━━━━━ SOURCE DATA ━━━━━

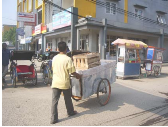
Gambar 73. Jalan menuju Stasiun Kereta Depok Lama
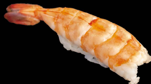
ボイル大海老 6,00€ Boil Ebi (Garnele gekocht)
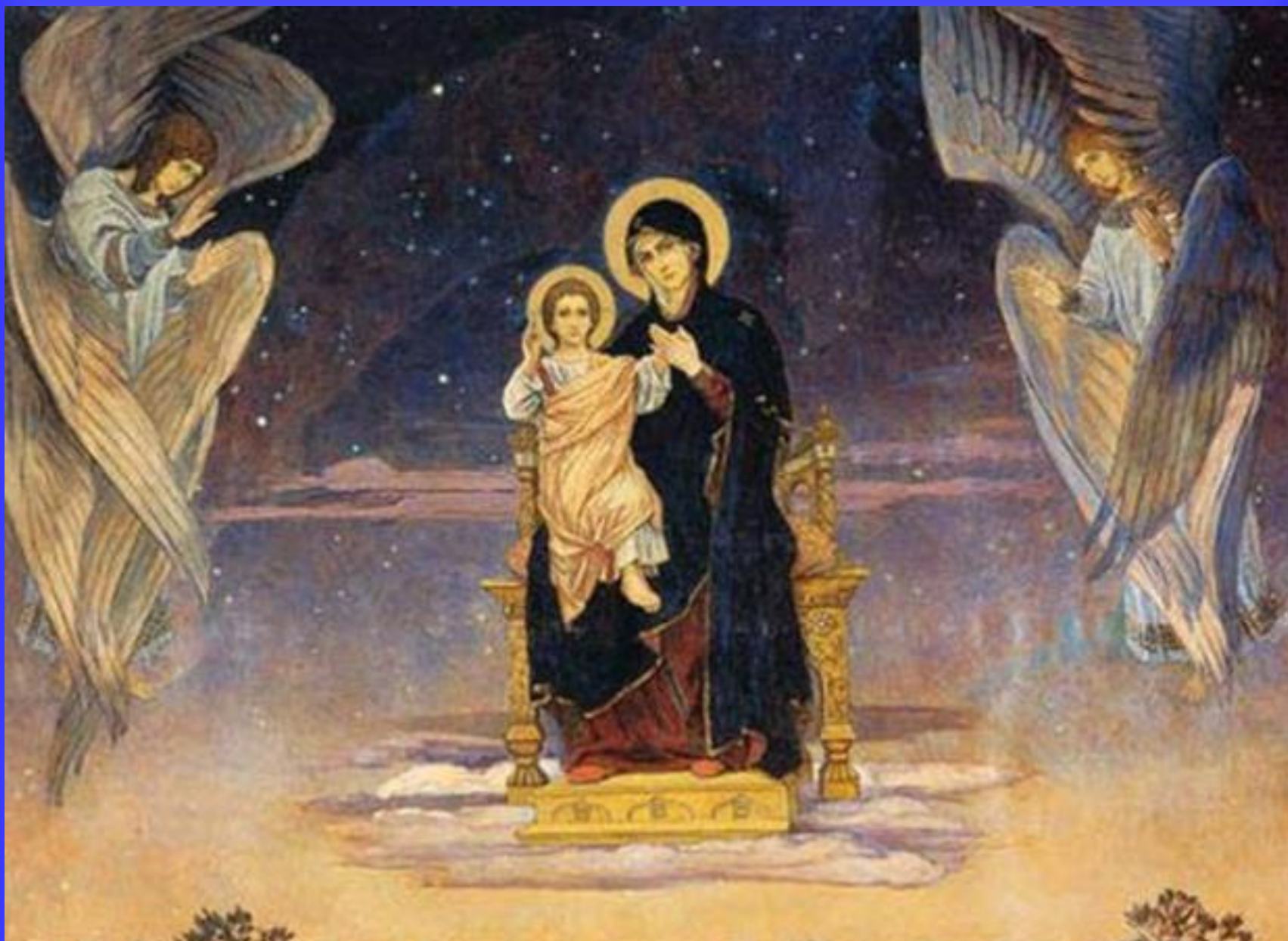
Васнецов “Богоматір з Немовлям і янголами”.
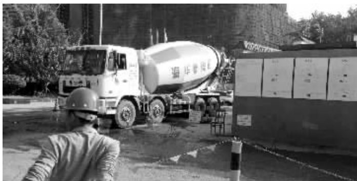
事发工地大门外,停着一辆和爆胎车辆相同型号的搅拌车
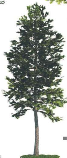
■ Сосна обыкновенная.
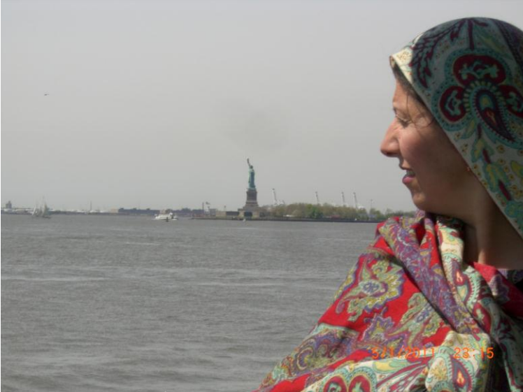
يو بل عکس د سمندر د غاړې

━━━━━

§ WHAT TO PRODUCE
No pictures belong in the copy. Return exactly the lines from the line containing "事发工地大门外,停着一辆和爆胎车辆相同型号的搅拌车" through the last line of the listing.

§ RESPONSE FOR THIS EXERCISE
事发工地大门外,停着一辆和爆胎车辆相同型号的搅拌车
■ Сосна обыкновенная.
يو بل عکس د سمندر د غاړې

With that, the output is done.